─── DATA FOR THIS EXERCISE ───

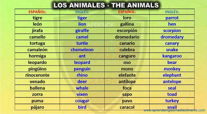 Ahora es tiempo de aprender sobre como escribir y pronunciar los nombres de los diversos animales, y luego formar expresiones con dichos nombres.
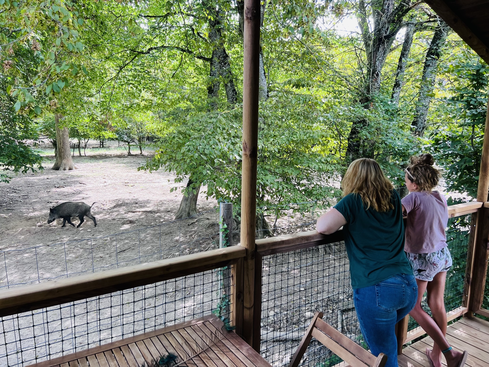 Idéalement située, à seulement 2min du parking de la zone animalière, vous découvrirez rapidement votre lodge insolite ainsi que les animaux qui passeront la nuit avec vous. Sangliers laies et marcassins déambuleront juste sous vos yeux dans l’immense parc devant votre terrasse. Splendide, aménagée avec table et chaises ainsi que des transats, qui vous invitent à la détente absolue.
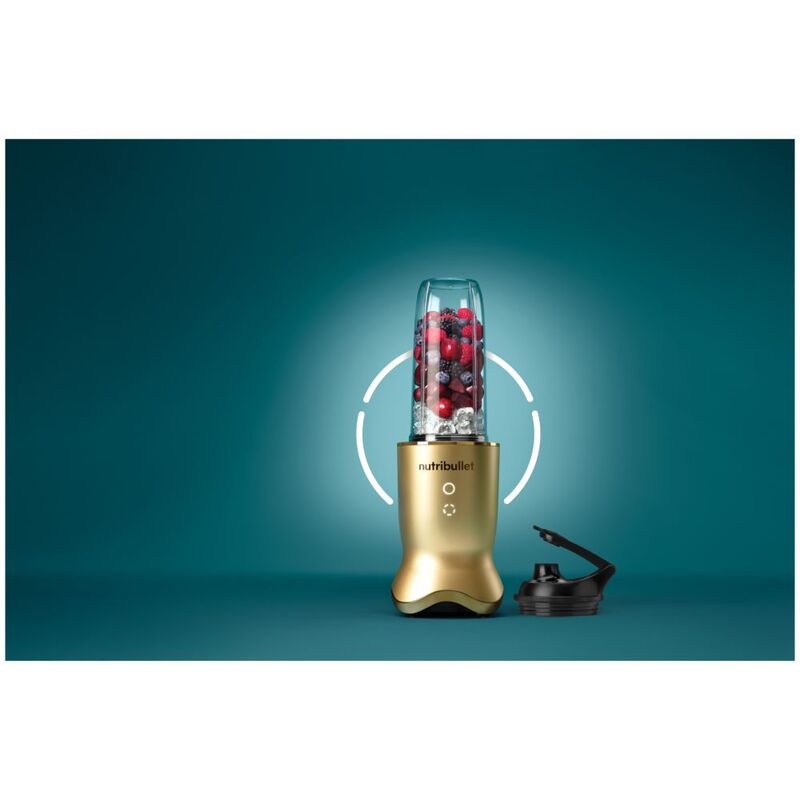 • Glow interface. Automated blending cycle and pulse function buttons illuminate as soon as the cup is attached for simple, controlled extraction.
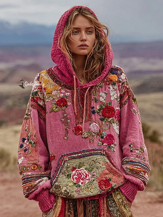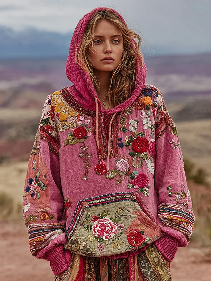 Bohemian Style Three-dimensional Flower Embroidery Pink Patchwork Hooded Long-sleeved Sweater
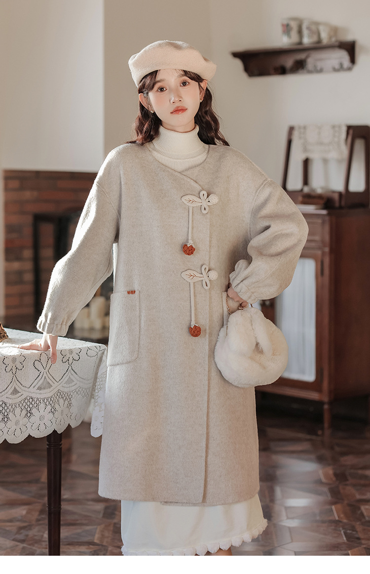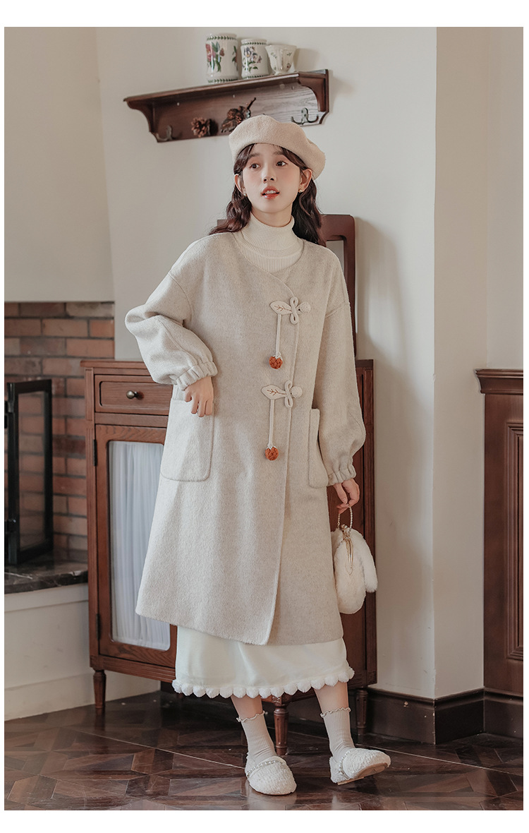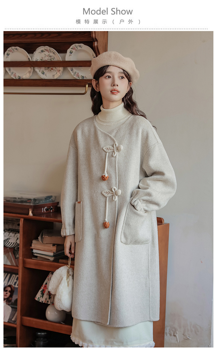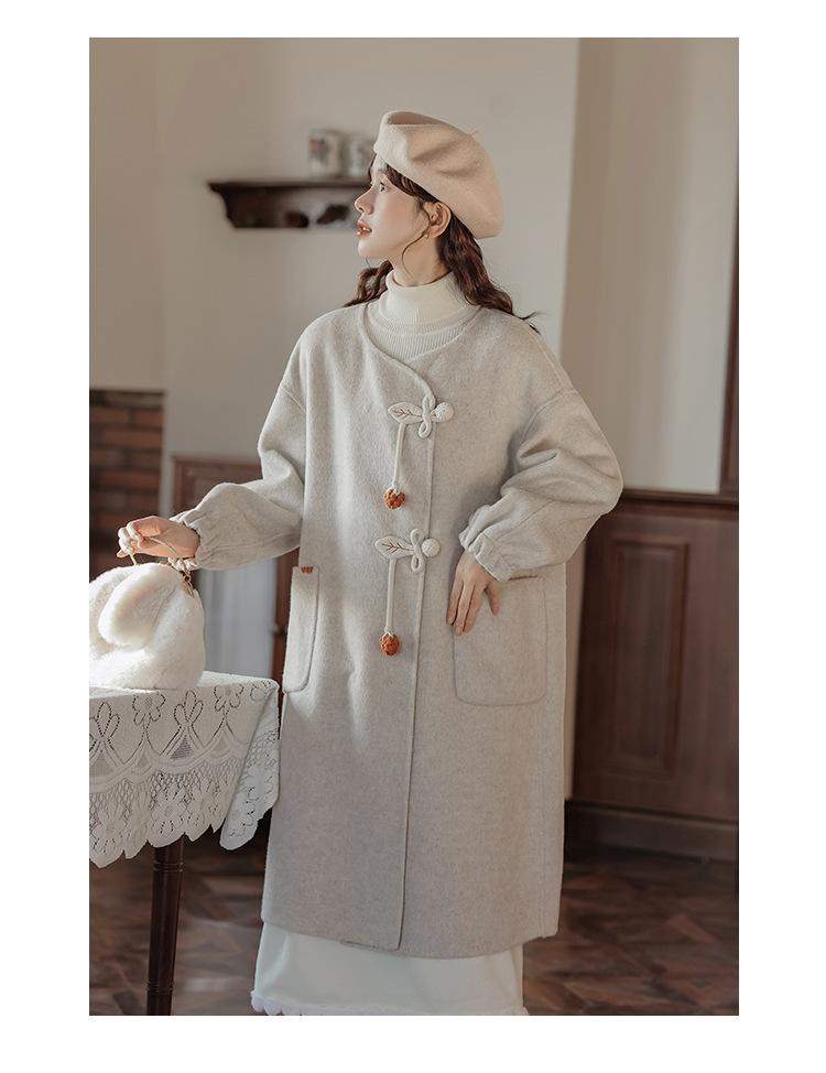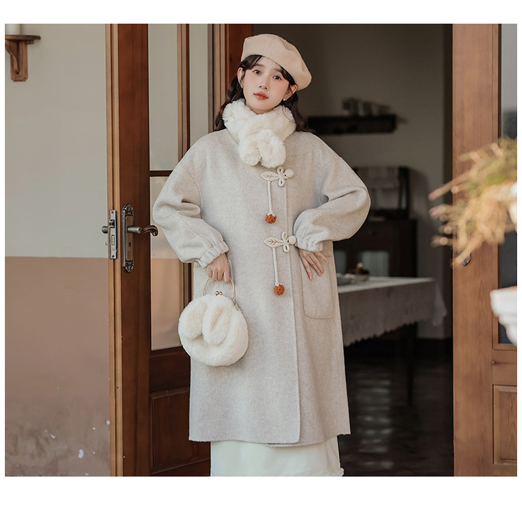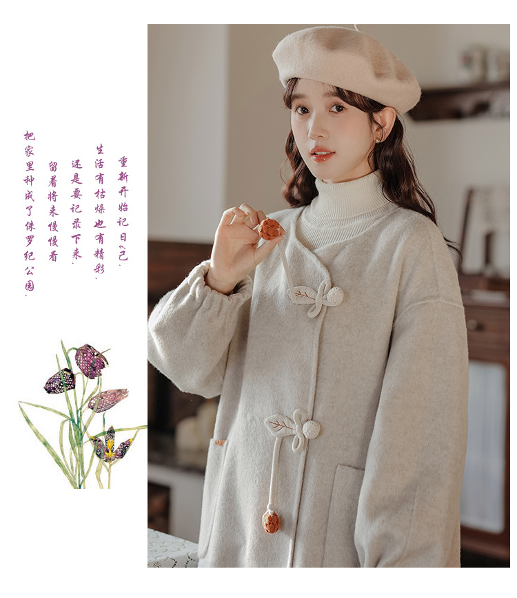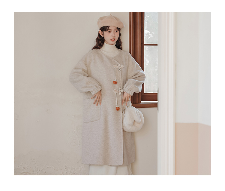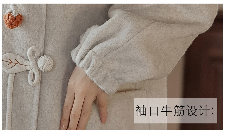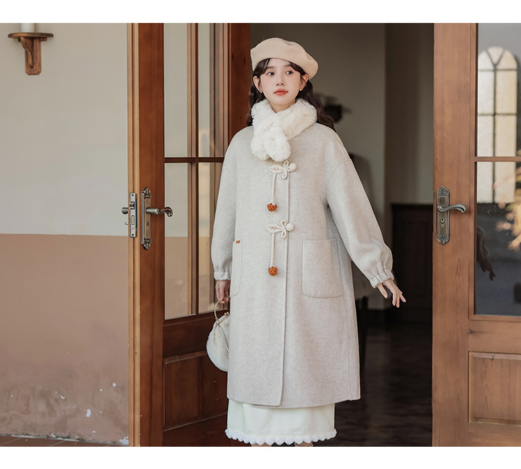 새로운 중국 스타일 국가 스타일 모직 코트 여성의 2024 겨울 부자 가족 딸 골드 디자인 꽃 버드 펜던트 중간 길이 코트스토어 가기

───

WORK TASK: Restate word for word only the lines that run from the line holding "Idéalement située, à" to the end of the data, both ends kept, leaving every picture out.

TASK OUTPUT:
 Idéalement située, à seulement 2min du parking de la zone animalière, vous découvrirez rapidement votre lodge insolite ainsi que les animaux qui passeront la nuit avec vous. Sangliers laies et marcassins déambuleront juste sous vos yeux dans l’immense parc devant votre terrasse. Splendide, aménagée avec table et chaises ainsi que des transats, qui vous invitent à la détente absolue.
 • Glow interface. Automated blending cycle and pulse function buttons illuminate as soon as the cup is attached for simple, controlled extraction.
 Bohemian Style Three-dimensional Flower Embroidery Pink Patchwork Hooded Long-sleeved Sweater
 새로운 중국 스타일 국가 스타일 모직 코트 여성의 2024 겨울 부자 가족 딸 골드 디자인 꽃 버드 펜던트 중간 길이 코트스토어 가기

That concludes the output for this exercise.